Gwangju Becomes a Creative City

On December 1 in Paris, UNESCO Director-General Irina Bokova designated two Korean cities to join the UNESCO Creative Cities Network: Busan in the field of Film and Gwangju in the field of Media Arts. They join 28 other new additions for a total of 69 cities worldwide that have joined the network since its founding in 2004. The Creative Cities work for international cooperation in sustainable urban development, social inclusion and cultural diversity in seven areas: Craft and Folk Arts, Design, Film, Gastronomy, Literature, Media Arts and Music.

Gwangju’s application to join the network was submitted by the Gwangju Media Art Creative Citizen’s Forum, an organization started within the past two years. Engaging local artists, NGOs, researchers, entrepreneurs and other like-minded people, the forum has sought to gain higher recognition for Gwangju as a city of culture.

Ryu Jae Han, a Chonnam University professor of French Language and Literature, is the newly appointed head of the Creative Citizen’s Forum.
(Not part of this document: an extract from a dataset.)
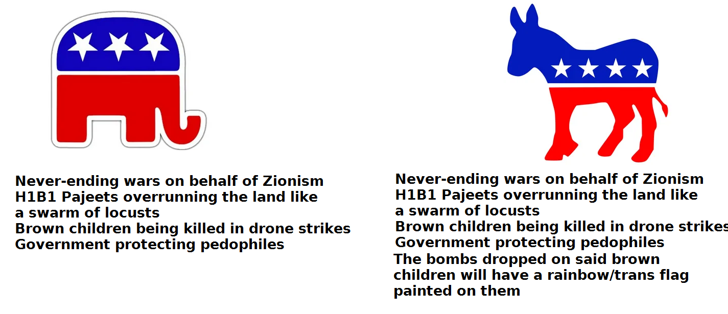 >>531193343>hey conservative board!>this picture says Republicans and Democrats are the same to demoralize you into not voting>I carefully avoided topics like open borders, gun rights, crime stats, transgenderism, and other topics that they diverge on>don't you think you should not vote??I don't blame the attempt, but I feel like you ShareBlue faggots are just getting lazy in the propaganda these days.

His colleague Doctor Cho Huntz, professor of English Language and Literature, is the head member of the forum’s International Business Committee.

Doctor Ryu calls Gwangju’s media art “an art of bibimbap” that combines many elements, including Gwangju’s “three lights” of artistic tradition, human rights and high tech science and technology. Ryu said that the word “bibimbap” as a concept for describing cooperation within media art was accepted at this past September’s eighth annual UNESCO Creative Cities Network summit in Chengdu, China.

According to him, Gwangju as a Creative City can forge “a liaison between youth education and digital art as well as a liaison between digital art and the creative industry.,, If [students] have opportunities, they will be motivated.”

The attraction of media art also serves to bring increased development to an economic region historically neglected. On December 3 President Park Geun Hye visited Gwangju’s Kim Dae Jung Convention Center, where local media artist Jin Si-young unveiled a work called a “soul art car.” The president was reportedly impressed enough to desire “building one million soul art cars.”

Ryu is also chief executive of the Asia Culture Forum, held annually since 2006 and hosted by Chonnam University for the first time in 2014. Next year, the Creative Citizen’s Forum hopes to invite local Creative City partners Seoul, Busan, Icheon and Jeonju to the ACF before coming together for the 2015 UNESCO Creative Cities Network Summit.

“Domestic consolidation is the first step and next is going overseas,” Doctor Cho said.

Alongside the East Asia Culture City exchange with China and Japan, the World Human Rights Cities Forum and the Asian Cultural Complex opening in 2015, the UNESCO Creative City designation is set to significantly boost Gwangju’s development in art, industry and urban development.